Mercedes-Benz Workers Face Two-Year Wait for Bonus as Carmaker Slashes Costs
29.06.2026 - 08:13:01 | boerse-global.de
Germany’s luxury carmaker is pushing a scheduled bonus for roughly 90,000 domestic employees out to 2027, as plunging profits and a bruising downturn in China force the company to tighten its belt. The decision has ignited a clash between management and labour representatives.
The so-called Transformationsbaustein — a transformational bonus worth 18.4 percent of one month’s pay — had been set for July 2026. Mercedes-Benz now says it will not flow until 2027. The board cited mounting constraints on free trade and a steady erosion of Germany’s competitiveness as the reasons.
Behind the delay lies a brutal financial slide. Group net profit halved from €10.4 billion in 2024 to €5.3 billion in 2025 — a drop of nearly 50 percent. Operating profit tumbled 57 percent to €5.82 billion, and the automotive division’s return on sales limped in at just 5 percent. The first quarter of 2026 brought no relief: net profit slipped another 17.2 percent. Sales in China, the company’s most important single market, collapsed by 27 percent.
Mercedes-Benz chief executive Ola Källenius and personnel board member Renata Seeger argue the company must accelerate internal processes to remain viable. A cost-cutting programme called Next Level Performance aims to shave several billion euros from annual outlays by 2027. The possibility of shifting administrative and production capacity abroad is also under review.

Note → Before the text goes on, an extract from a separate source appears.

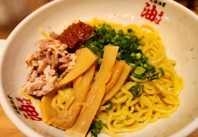 「元祖油堂 六本木店」は、油そば専門店として人気急上昇中のお店。特製のタレは醤油ベースに香味油を加え、濃厚でパンチの効いた味わいが特徴。太めでもちもちとした麺と絡めて食べる油そばは、ラーメンとは違う新しい満足感を味わえます。トッピングの自由度も高く、卵黄やマヨネーズ、チーズを加えて自分好みにカスタマイズ可能。六本木の中心地にあり、ランチ利用から夜の飲み会後の〆まで幅広く利用されています。油そば好きには必訪の一軒です。

Internally, the debate has turned to working hours. Martin Brudermüller, chairman of the supervisory board, is pushing for a 40-hour week without any compensatory pay rise. Works council leader Ergun Lümali denounced the bonus postponement as a unilateral decision by management that ignores the workforce’s interests.
The move comes as the entire German auto industry reels. Volkswagen is reportedly planning to cut up to 100,000 jobs worldwide and may close four plants. BMW has slashed its margin forecast to between 1 and 3 percent. Porsche is moving Cayenne production to Leipzig, but only after securing wage concessions from employees there.
Analysts note that even a luxury brand like Mercedes-Benz cannot escape the cost pressures of a volume manufacturer. The strategy correction, they say, was long overdue.